> EXERCISE PROMPT
Look below for the line holding "Пържени пилешки дробчета с бекон и зеленчуци" and the line holding "从解禁比例来看,下周晶赛科技". Repeat those two and everything between, exactly.

> DATA EXTRACT
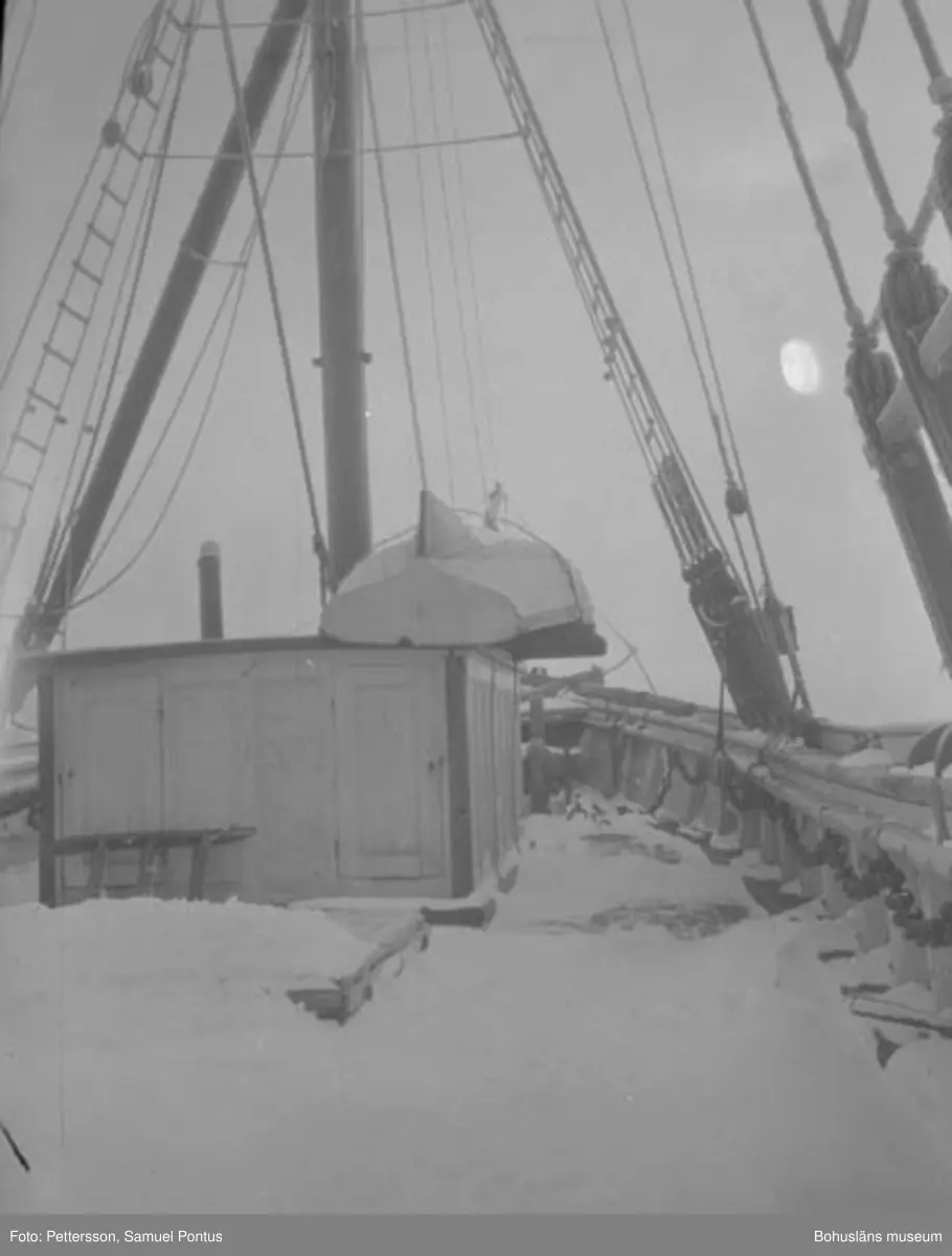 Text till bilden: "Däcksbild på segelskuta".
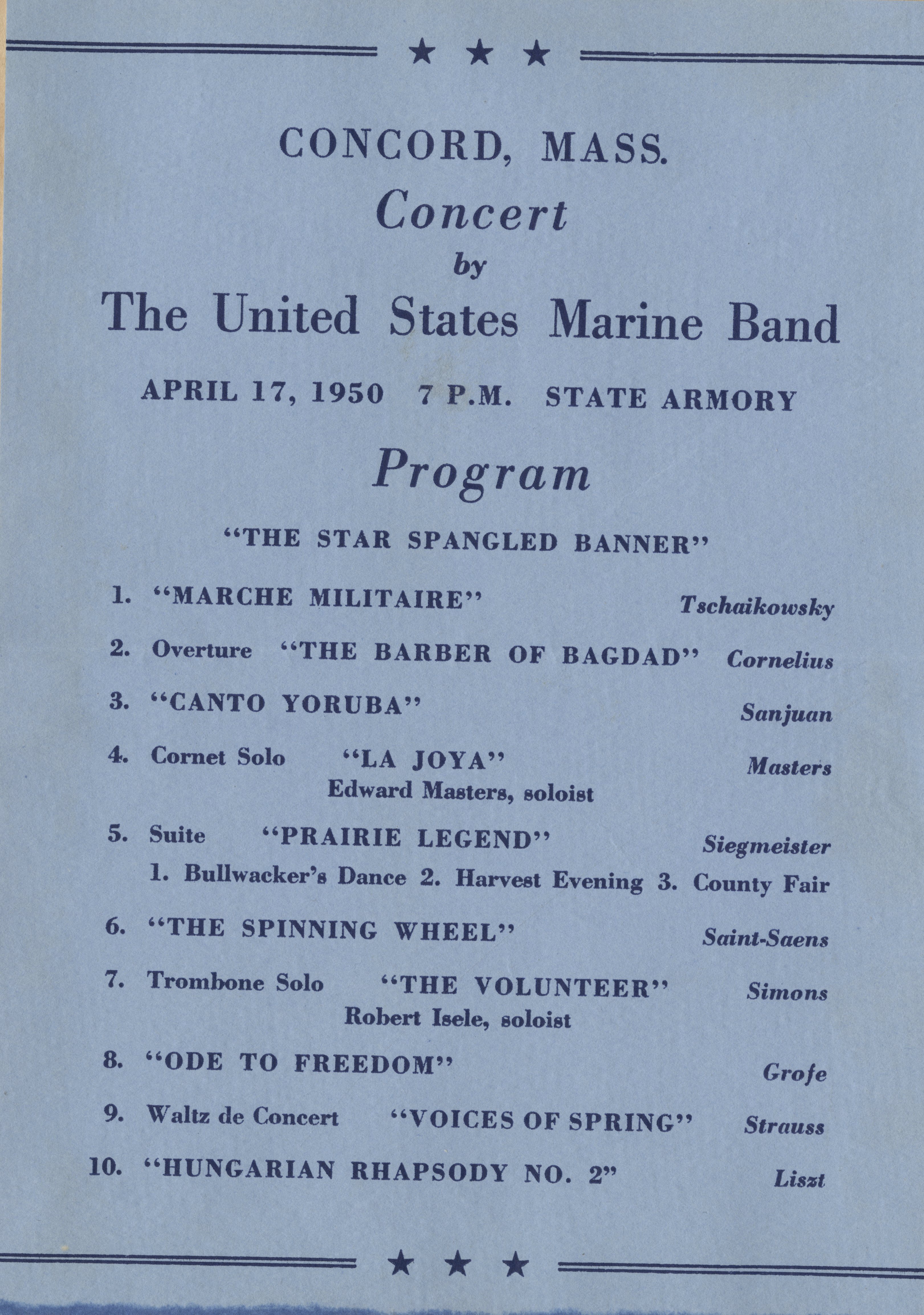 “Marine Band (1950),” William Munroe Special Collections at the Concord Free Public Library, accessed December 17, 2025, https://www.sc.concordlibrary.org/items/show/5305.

==

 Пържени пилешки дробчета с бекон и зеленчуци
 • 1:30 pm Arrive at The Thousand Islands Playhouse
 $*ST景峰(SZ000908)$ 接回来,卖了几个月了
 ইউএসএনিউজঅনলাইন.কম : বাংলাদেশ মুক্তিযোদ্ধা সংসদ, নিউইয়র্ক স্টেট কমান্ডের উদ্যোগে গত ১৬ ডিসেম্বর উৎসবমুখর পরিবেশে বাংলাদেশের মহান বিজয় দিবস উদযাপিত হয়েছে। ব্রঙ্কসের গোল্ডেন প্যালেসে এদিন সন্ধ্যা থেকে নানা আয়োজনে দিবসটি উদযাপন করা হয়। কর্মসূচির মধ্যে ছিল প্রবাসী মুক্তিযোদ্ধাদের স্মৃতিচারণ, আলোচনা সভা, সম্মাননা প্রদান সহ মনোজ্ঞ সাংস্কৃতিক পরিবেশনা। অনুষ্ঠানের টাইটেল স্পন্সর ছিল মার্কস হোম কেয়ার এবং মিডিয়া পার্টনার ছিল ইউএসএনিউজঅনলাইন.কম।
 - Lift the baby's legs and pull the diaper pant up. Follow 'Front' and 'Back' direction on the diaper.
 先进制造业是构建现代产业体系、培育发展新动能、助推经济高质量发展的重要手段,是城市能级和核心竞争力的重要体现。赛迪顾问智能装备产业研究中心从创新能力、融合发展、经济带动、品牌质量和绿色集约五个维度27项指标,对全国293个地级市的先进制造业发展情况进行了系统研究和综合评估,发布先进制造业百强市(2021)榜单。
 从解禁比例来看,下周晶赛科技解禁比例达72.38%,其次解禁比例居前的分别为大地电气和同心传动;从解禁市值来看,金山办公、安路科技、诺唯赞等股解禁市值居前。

---

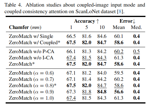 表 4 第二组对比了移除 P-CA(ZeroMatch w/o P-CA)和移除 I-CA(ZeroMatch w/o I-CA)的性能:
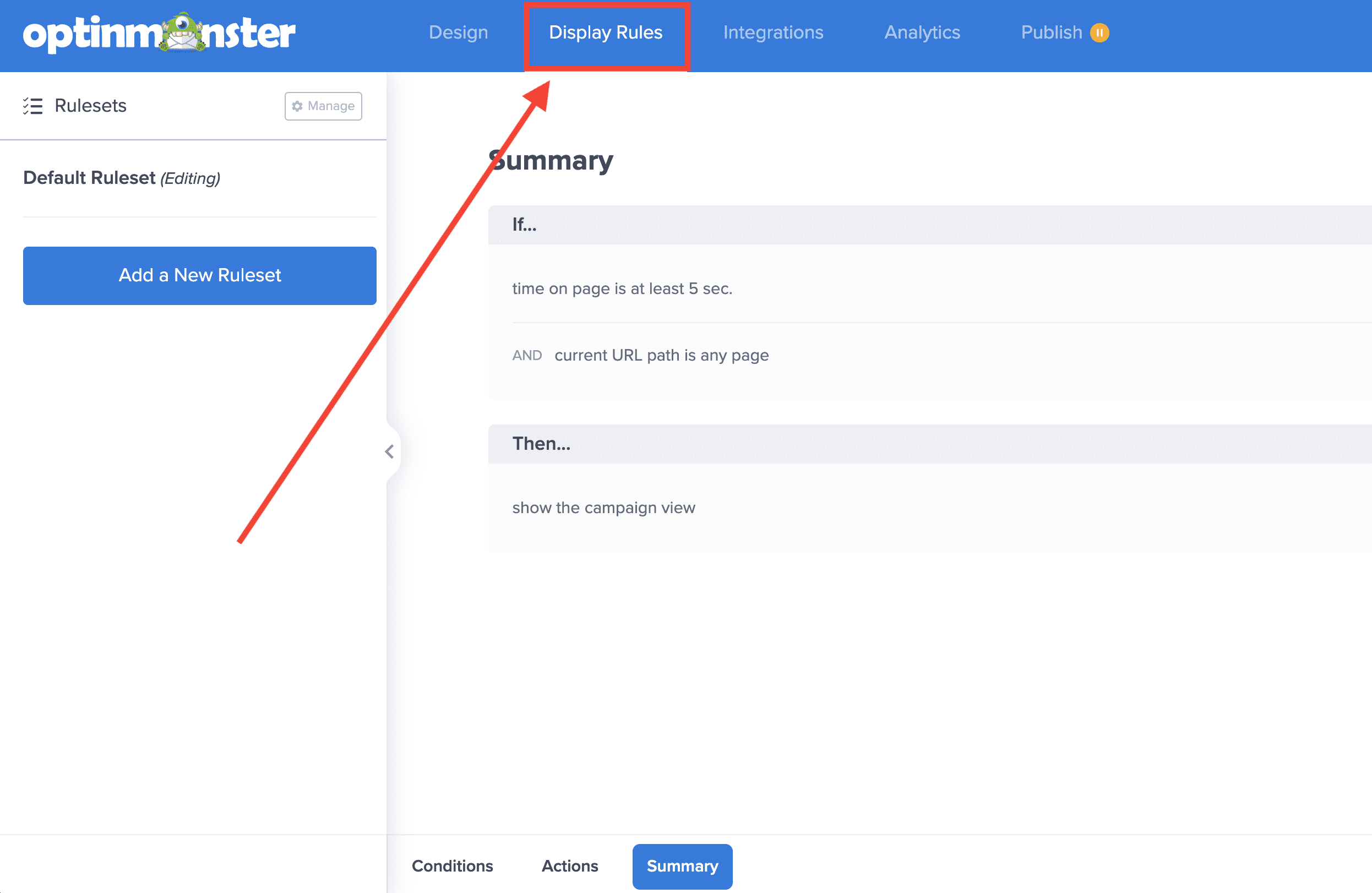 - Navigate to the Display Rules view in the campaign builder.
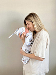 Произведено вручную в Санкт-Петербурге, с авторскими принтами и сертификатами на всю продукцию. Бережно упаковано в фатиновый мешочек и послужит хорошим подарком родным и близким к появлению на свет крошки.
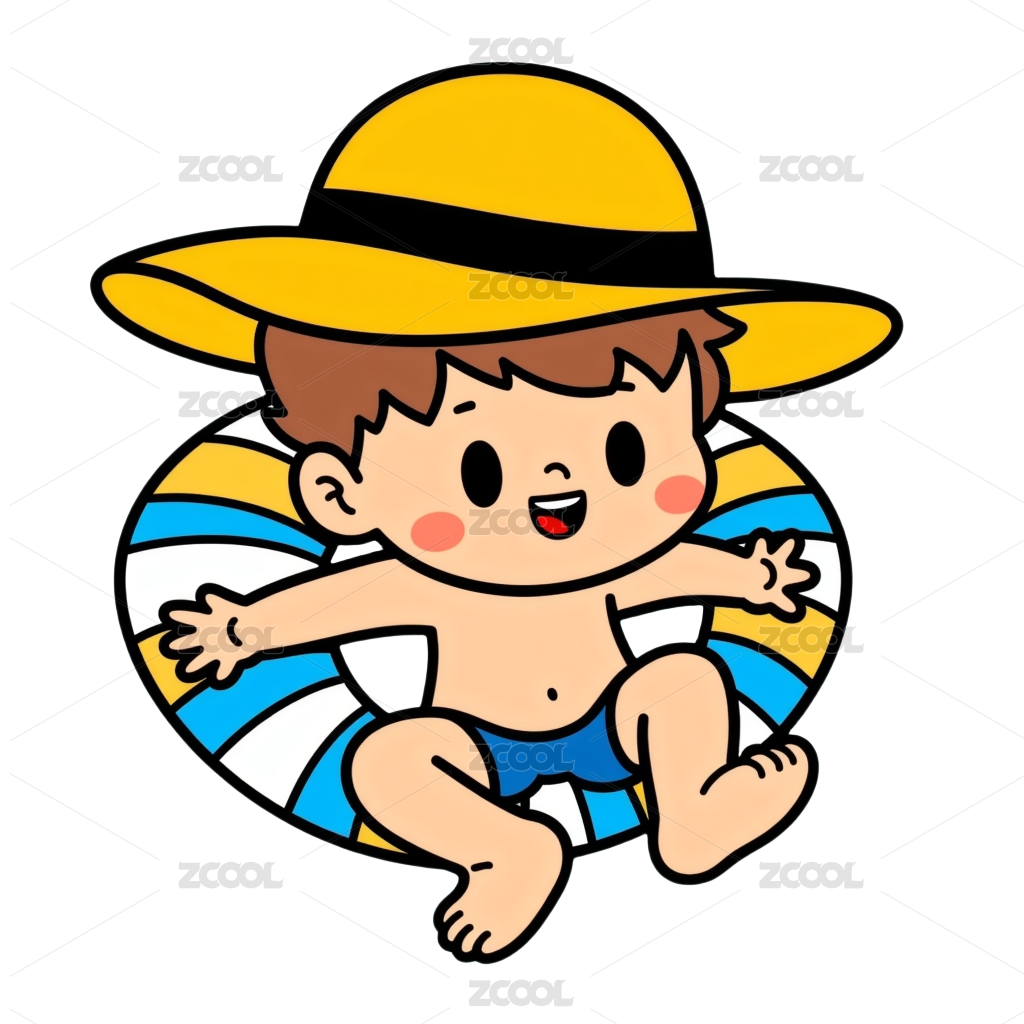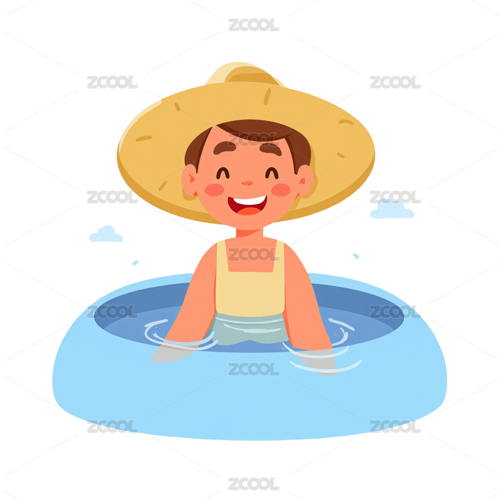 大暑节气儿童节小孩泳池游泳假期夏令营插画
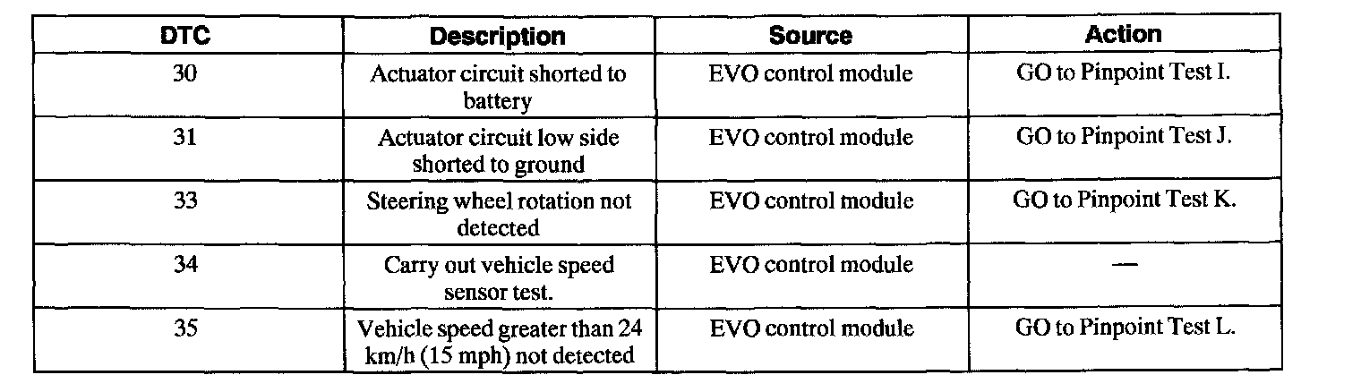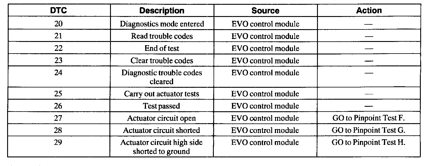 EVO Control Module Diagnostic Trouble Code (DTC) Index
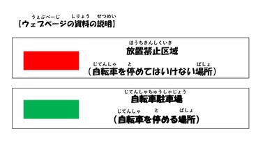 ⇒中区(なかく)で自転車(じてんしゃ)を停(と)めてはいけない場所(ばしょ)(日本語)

> TASK RESULT
 Пържени пилешки дробчета с бекон и зеленчуци
 • 1:30 pm Arrive at The Thousand Islands Playhouse
 $*ST景峰(SZ000908)$ 接回来,卖了几个月了
 ইউএসএনিউজঅনলাইন.কম : বাংলাদেশ মুক্তিযোদ্ধা সংসদ, নিউইয়র্ক স্টেট কমান্ডের উদ্যোগে গত ১৬ ডিসেম্বর উৎসবমুখর পরিবেশে বাংলাদেশের মহান বিজয় দিবস উদযাপিত হয়েছে। ব্রঙ্কসের গোল্ডেন প্যালেসে এদিন সন্ধ্যা থেকে নানা আয়োজনে দিবসটি উদযাপন করা হয়। কর্মসূচির মধ্যে ছিল প্রবাসী মুক্তিযোদ্ধাদের স্মৃতিচারণ, আলোচনা সভা, সম্মাননা প্রদান সহ মনোজ্ঞ সাংস্কৃতিক পরিবেশনা। অনুষ্ঠানের টাইটেল স্পন্সর ছিল মার্কস হোম কেয়ার এবং মিডিয়া পার্টনার ছিল ইউএসএনিউজঅনলাইন.কম।
 - Lift the baby's legs and pull the diaper pant up. Follow 'Front' and 'Back' direction on the diaper.
 先进制造业是构建现代产业体系、培育发展新动能、助推经济高质量发展的重要手段,是城市能级和核心竞争力的重要体现。赛迪顾问智能装备产业研究中心从创新能力、融合发展、经济带动、品牌质量和绿色集约五个维度27项指标,对全国293个地级市的先进制造业发展情况进行了系统研究和综合评估,发布先进制造业百强市(2021)榜单。
 从解禁比例来看,下周晶赛科技解禁比例达72.38%,其次解禁比例居前的分别为大地电气和同心传动;从解禁市值来看,金山办公、安路科技、诺唯赞等股解禁市值居前。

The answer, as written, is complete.